Continuano al Comitato per il controllo e la valutazione, presieduto da Thomas De Luca, gli approfondimenti circa l’attuazione degli interventi nell’ambito del Fondo per la non autosufficienza (anni 2017 e 2018), in adempimento alla clausola valutativa della legge ‘11/2015’ (Testo unico in materia di Sanità e Servizi sociali).

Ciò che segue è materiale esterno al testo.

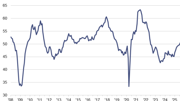
HCOB Einkaufsmanagerindex Industrie Eurozone sb, >50 = Wachstum im Vormonatsvergleich
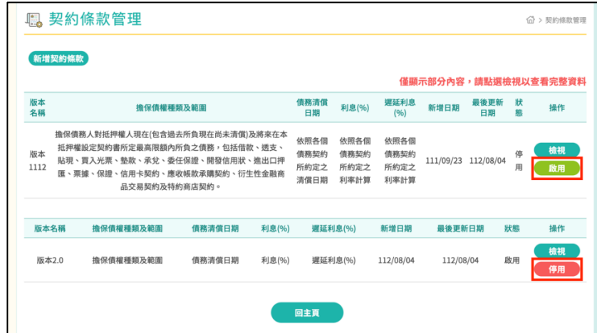
圖 234 契約條款設定，啟用/停用契約條款按鈕
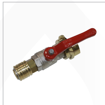
Шаровой кран с быстросъемной муфтой
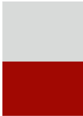
1/2 Seite quer 210 x 148 mm
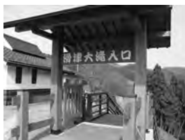
滝まで174段下ります
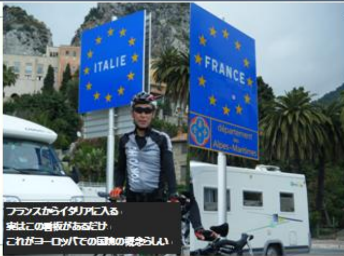
フランスからイタリアに入る。案はこの看板があるだけ。これがヨーロッパでの国境の概念らしい。
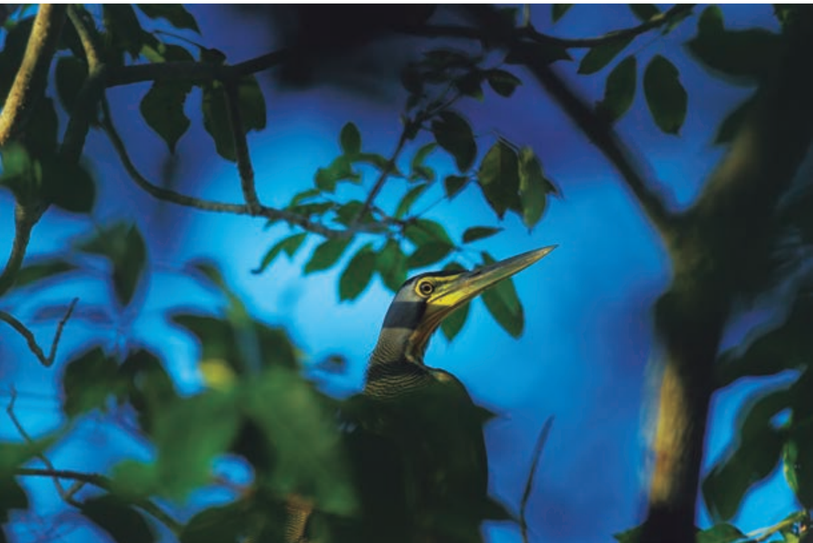
Garza tigre Pantanos de Centla, Tabasco. 2009
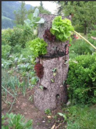
Ein Baum Garten

I tecnici dell’assessorato alla Salute e alle Politiche sociali, Paola Casucci (Responsabile Servizio programmazione socio sanitaria dell’assistenza distrettuale) e Michaela Chiodini (Responsabile sezione assistenza sanitaria di base, disabilità e riabilitazione) hanno spiegato che con il fondo della non autosufficienza (integrazione socio-sanitaria) si riesce a coprire il servizio a circa 12mila soggetti.

Rispetto agli anni passati sono aumentate le prese in carico. Il fondo di integrazione socio sanitaria di fatto sta garantendo i gravissimi disabili (in Umbria circa 1.800 persone) fuori dalla residenzialità; con la residenzialità si arriva a 4.500 persone. Il presidente Thomas De Luca ed il vice presidente Eugenio Rondini hanno deciso, di concerto con gli altri commissari presenti, di dare corso ad audizioni con le Associazioni operanti in questo ambito per un approfondimento definitivo sulla materia.

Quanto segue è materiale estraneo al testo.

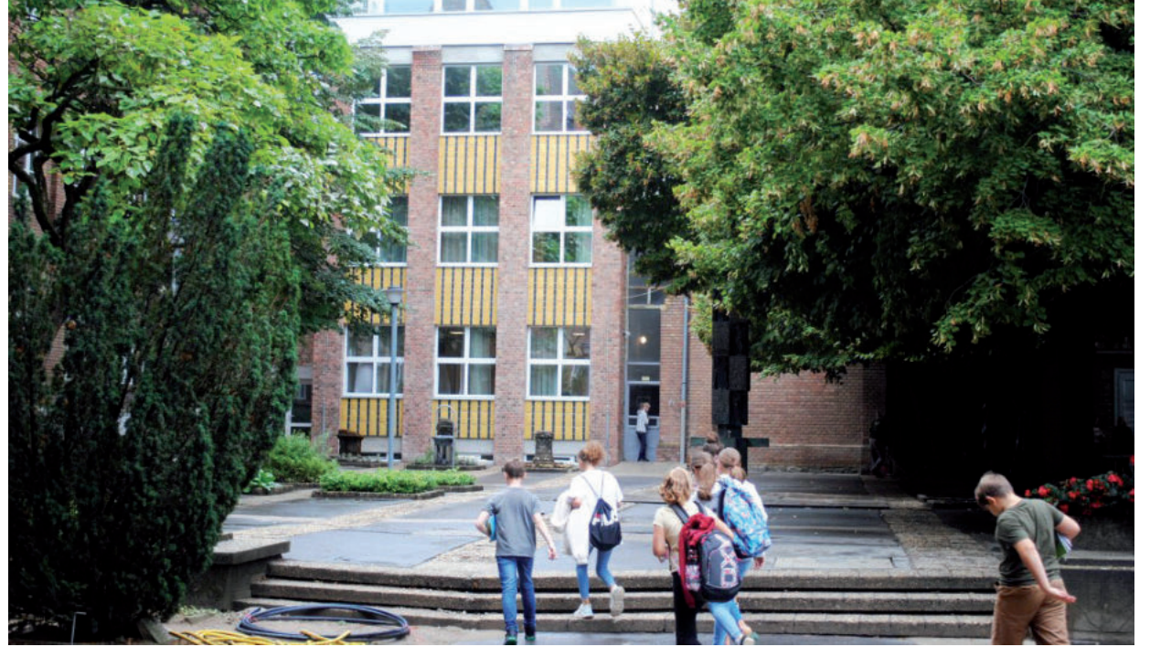
500 MILLIÓ FORINTBÓL KÍVÜL-BELÜL MEGÚJULT AZ ÉPÜLET
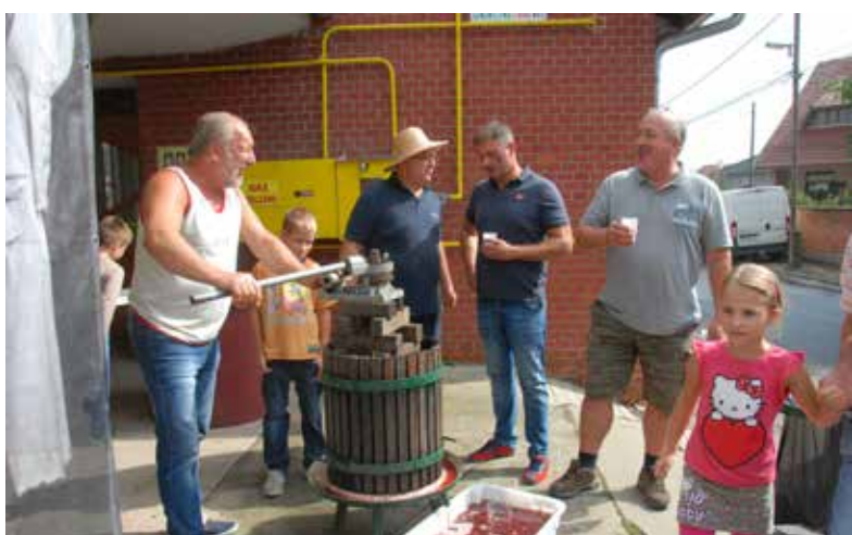
Készül a must
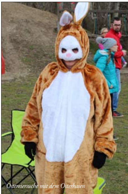
Ostereiersuche mit dem Osterhasen
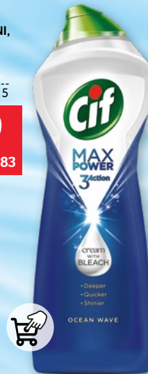
CIF MAX MLECZKO 1001 G • różne rodzaje 75160507 419969
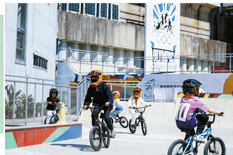
在运动启蒙区, 小朋友们正在体验小轮车运动
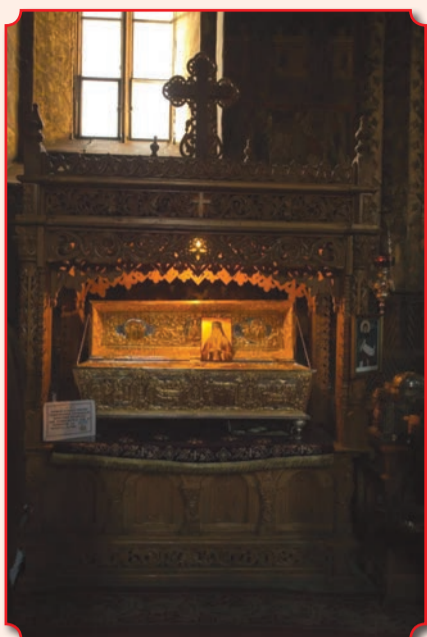
Рака с мощами прп. Паисия Величковского, справа – ковчег с честной главой прп. Симеона Дивногорца

монастырей по всему миру. Сам преподобный оказал значительное влияние на многих православных подвижников России конца XVIII и XIX веков. Св. Серафим Саровский получил благословение на уход в Саров от затворника Китаевской пустыни (под Киевом) старца Досифея, который был духовно связан с обителью преподобного Паисия и направлял туда своих учеников. Сборник «Добротолюбие» был настольной книгой преп. Серафима Саровского.
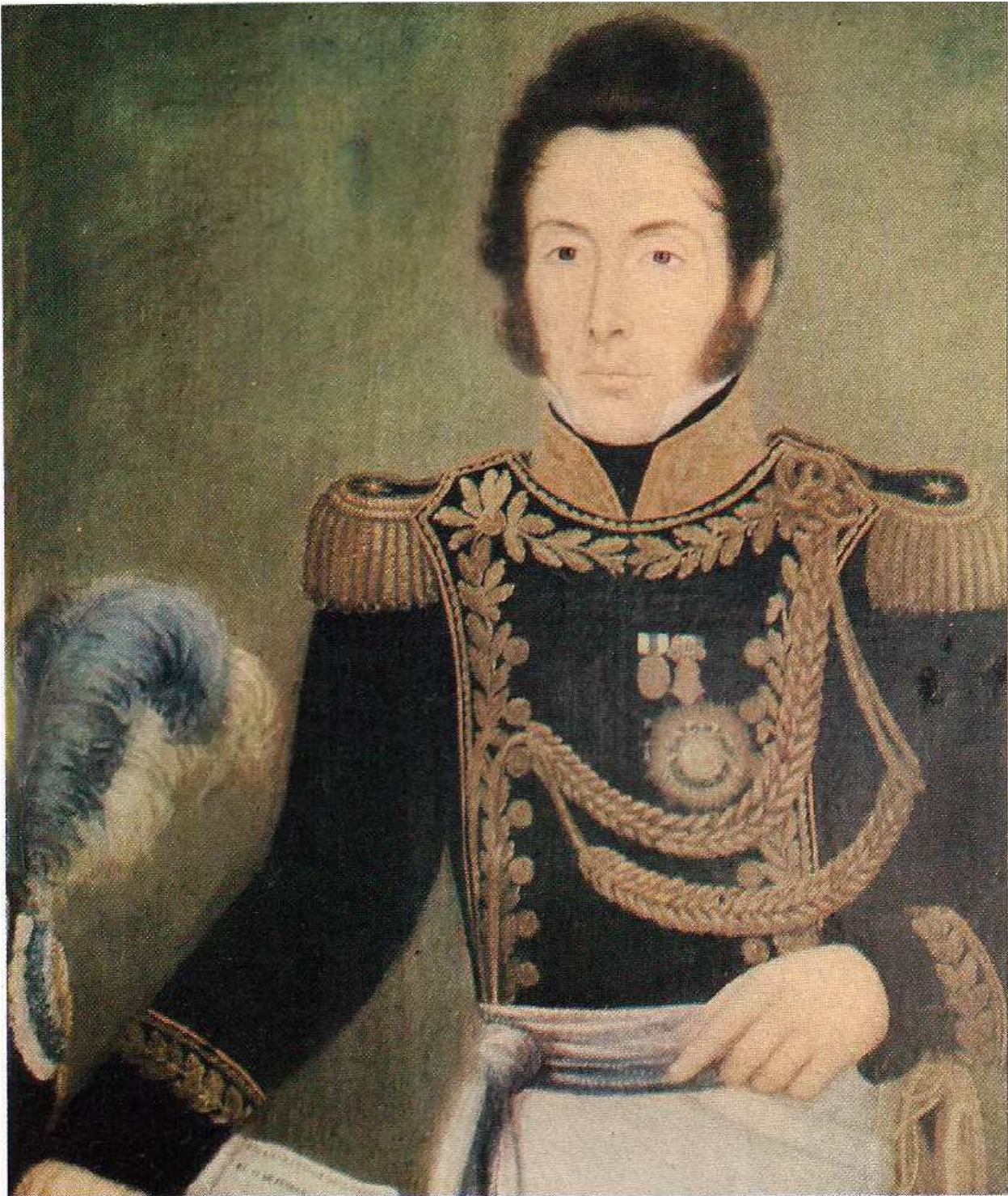
General Miguel Estanislao Soler, de destacada actuación en el Ejército de los Andes

Casucci e Chiodini hanno spiegato che “l’istituzione del fondo per la non autosufficienza deriva dalla legge ‘9/2008’ e prevede due linee di finanziamento: dal bilancio regionale (circa 4milioni di euro) e nazionale (circa 6 milioni) e questo riguarda il 2017 e 2018. Per quanto attiene al triennio 2019-2021vengono assegnate risorse dal fondo nazionale (Ministero Politiche sociali e del lavoro) per 9milioni 500mila euro (2019), 9milioni 700mila euro (2020), 9milioni 500mila euro (2021).

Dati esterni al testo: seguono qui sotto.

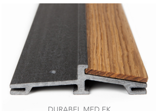
DURABEL MED EK
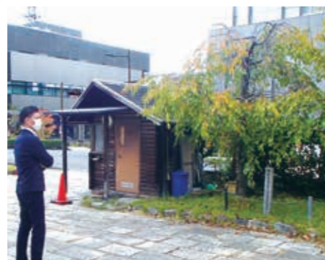
20周年記念植樹の県庁玄関前シダレ桜を視察 (記念植樹箇所の選定)
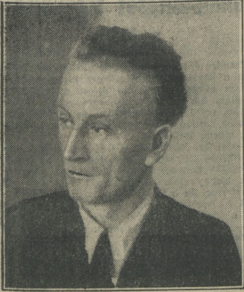
Szent-Györgyi Albert szegedi egyetemi tanár megkapta a Nobel-díjat

Várható időjárás a következő huszonegy órára: Gyenge légáramlás, délelőtt sok helyen köd. A hőmérséklet nem változik lényegesen
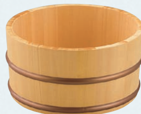
榧・湯桶 (ポリプロピレン樹脂タガ)
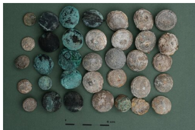
Bykownia - Cmentarzysko Ofiar Zbrodni Stalinowskich. Polskie guziki mundurowe znalezione w grobie nr 152/06.

Gorbaczowa, dwóch teczek akt dotyczących zbrodni katyńskiej, w tym, sporządzonych w okresie od kwietnia do maja 1940 r., imiennych list wywózkowych polskich jeńców z obozów w Kozielsku i Ostaszkowie oraz spisu imiennych akt ewidencyjnych jeńców "ubytych" z obozu w Starobielsku. Działalność państwa polskiego po 1989 r. w dochodzeniu do prawdy o zbrodni, ale także w przywracaniu pamięci, godnych pochówków i upamiętnianiu ofiar była i jest prowadzona z inicjatywy i przy wsparciu Rodzin Katyńskich. Rodzin, które przetrwały i żyją nadzieją na odnalezienie śladów ich najbliższych. Jedną z części postępowań ujawnienia prawdy o zbrodni katyńskiej były ekshumacje, w których brali udział polscy specjaliści. Dziś już wiemy, że prace prowadzono na cmentarzach NKWD w Katyniu, Charkowie-Piatichatkach, Miednoje i Bykowni. W momencie rozpoczynania prac, w latach 90-tych XX wieku, tej pewności nie było. Wyniki ekshumacji jednoznacznie wskazały, że są tam pochowani zamordowani w 1940 r. polscy jeńcy wojenni z obozów w Kozielsku, Starobielsku i Ostaszkowie. Prace w Katyniu, Charkowie-Piatichatkach i Miednoje, zakończyły się otwarciem w tych miejscach w 2000 r. Polskich Cmentarzy Wojennych.
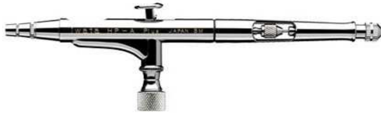
Art.-No. 200 041 Düsenstärke: 0,2 mm (umrüstbar auf 0,3 mm)

Unsere Airbrush-Serien zeichnen sich durch besondere Eigenschaften aus. Einige der besten und bekanntesten Künstler der Welt arbeiten damit. Künstler vertrauen auf IWATA aufgrund der überzeugenden Produktqualität. Um Ihnen zu helfen Ihre Ideen bestmöglichst umzusetzen, produziert IWATA die innovativsten Farbspritzpistolen von höchster Qualität – entwickelt und getestet von Künstlern für Künstler. Alle IWATA-Produkte werden kompromisslos nach den höchsten Standards designed und entwickelt
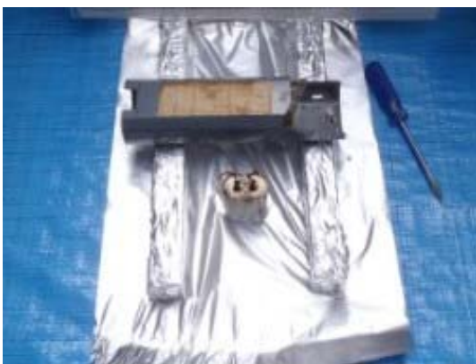
コンデンサ取り外し作業終了
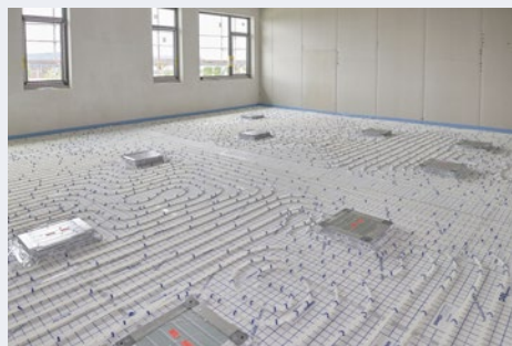
Ein modernes Eis-Energiespeichersystem liefert zu jeder Jahreszeit ein optimales Raumklima.
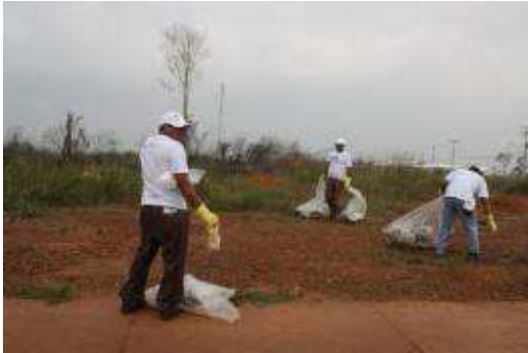
Foto 195 - Coleta de material na Fase I
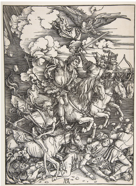
تصویر ۱۳- دورر: چهار اسب‌سوار آخرالزمان (۱۴۹۷-۱۴۹۸ م.).

Da qui in avanti si aprirà una nuova programmazione del Prina (Piano regionale integrato non autosufficienza) relativamente al nuovo triennio. Gli uffici hanno annualmente provveduto ad assegnare le risorse con relativo monitoraggio della situazione. Per le varie prestazioni è prevista la compartecipazione delle spese delle varie prestazioni: in capo ai Comuni rispetto al setting assistenziale ed in capo alle Aziende per alcune tipologie di prestazione. Si tratta di prestazioni di varia natura di integrazione socio-sanitaria.

La programmazione di secondo livello, vale a dire i piani di zona progettati dai Comuni capofila con i Distretti Socio sanitari individuano i setting assistenziali utili a coprire i bisogni del territorio. Con il fondo della non autosufficienza (integrazione socio-sanitaria) – è stato sottolineato – si riesce a coprire il servizio a circa 12mila soggetti. Rispetto agli anni passati sono aumentate le prese in carico. Il fondo di integrazione socio sanitaria di fatto sta garantendo i gravissimi disabili (in Umbria circa 1.800 persone) fuori dalla residenzialità; con la residenzialità si arriva a 4.500 persone”.

A margine della riunione, il presidente De Luca ha detto di rilevare “una discrasia sui numeri ed una sottostima in ambito di strutture ed utenze. Intendiamo per questo aprire un percorso di partecipazione nei confronti delle associazioni che operano nell’ambito della non autosufficienza per arrivare ad una valutazione concreta delle politiche che agiscono su questa tematica”.

Sulla stessa linea il vice presidente del Comitato, Eugenio Rondini che ha definito “importante la programmazione di specifiche audizioni con le associazioni operanti in questo campo che rappresentano i veri protagonisti ed attori del sistema”. Nel corso della seduta è stato affrontato brevemente anche il tema del contrasto dello spreco alimentare (legge regionale ‘16/2017’). Sull’argomento sono stati decisi ulteriori approfondimenti nelle prossime sedute del Comitato.